Les interfaces du futur seront vocales et gestuelles

Pour paraphraser les polars, ce n’est pas un faisceau d’indices que nous suivons dans notre raisonnement, mais des trajectoires algorithmiques convergentes. En effet, Microsoft lorgne vers les interfaces du futur, qui seront une combinaison de reconnaissance gestuelle et de la parole. Les gestes étant limités, ils doivent être complétés par la parole pour des interactions plus riches avec les systèmes d’exploitation. On pense notamment à des films comme Minority Report qui illustrent très bien cet usage.

La technologie gestuelle devant être complétée par la parole, on voit de suite ce que peut apporter le moteur de reconnaissance de la parole développé par nuance. Spécialisé dans la dictée vocale depuis presque trente ans, Dragon comporte une série de commandes vocales pour naviguer dans le texte, sélectionner un mot et le déplacer, corriger la ponctuation, formater le texte (alignement, liste à puce...)… Si l’on étend cette navigation à toute une interface, on voit de suite son utilité pour Microsoft.
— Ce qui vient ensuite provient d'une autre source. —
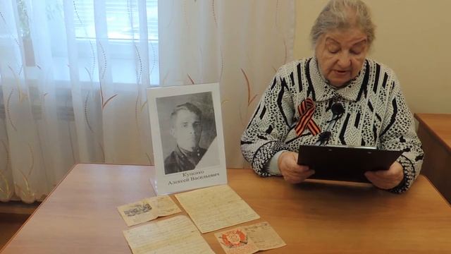 #БелгородскиеПисьмаПобеды Письмо читает жительница села Серетино Яковлевского городского округа Белгородской области Щербак Лидия Алексеевна, дочь Куценко Алексей Васильевич родился в 1910 г., в пос. Борисовка Белгородской области. Призван на фронт в 1941 году. Участвовал в боях на Курской дуге. Был пулеметчиком, младший сержант. Погиб 21 августа 1943 года. Похоронен в с. Бороновка Сумского района Сумской области.

Ceci en plus de la reconnaissance de la parole basée sur l’IA qui permet des interactions en temps réel et dont la complexité peut évoluer grâce à l’apprentissage automatique. Les interactions avec les robots, humanoïdes ou pas, reposeront un jour sur le traitement du langage naturel basé sur l'IA et le ML.
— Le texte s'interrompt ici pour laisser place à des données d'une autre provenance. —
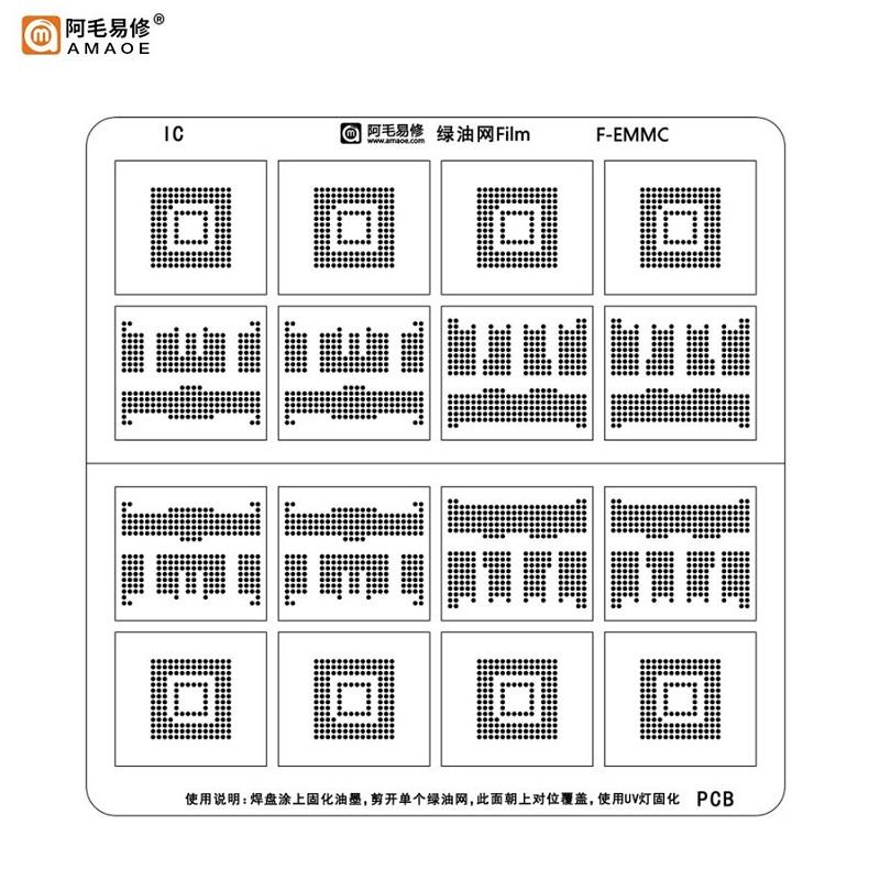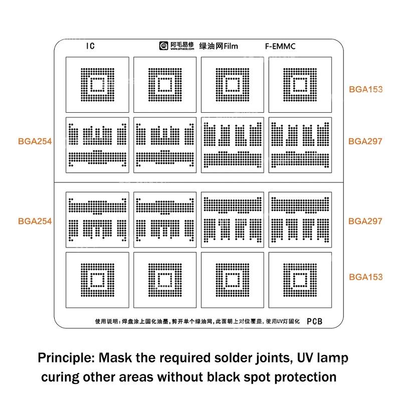 AMAOE F-EMMC RED DE PETRÓLEO VERDE PLANTILLA METALICA DE CHIP IC PARA BGA254 / BGA153 / BGA297

Un retour sur le marché des appareils mobiles

Ce n’est pas de la science-fiction ou des projets de laboratoire, les briques technologiques à la base de ces interfaces sont déjà disponibles et opérationnelles avec les lunettes de réalité augmentée Hololens (en version 2 actuellement), les algorithmes d'IA et de reconnaissance gestuelle issus de Kinect, ainsi que les briques de reconnaissance d’objets et d’ancrage spatial Custom Vision et Azure Spatial Anchors, entre autres. La sortie récente de Mesh, l’interface collaborative de réalité virtuelle, s’inscrit également dans cette démarche.

Rappelons que le métier d’origine de Microsoft est développeur d’interfaces. Ayant raté les virages de l’Internet, des smartphones et des Stores, Microsoft n’a, pendant des années, pu compter que sur sa présence hégémonique avec Windows et Office pour rester un grand acteur de l’informatique.

Une interface futuriste, capitalisant sur l’expérience des systèmes d’exploitation et des marchés de masse, semble plus digne du rôle de défricher technologique de cet acteur historique de la numérisation de la planète. Il pourrait alors revenir sur les marchés des terminaux mobiles avec des écrans pliables et commandés via des lunettes connectées et intégrant la reconnaissance de la parole et des gestes. On pourra alors lancer un appel ou dicter un SMS ou un courriel (entre autres) sans même déployer l’écran de son smartphone au poignet… les mains dans les poches.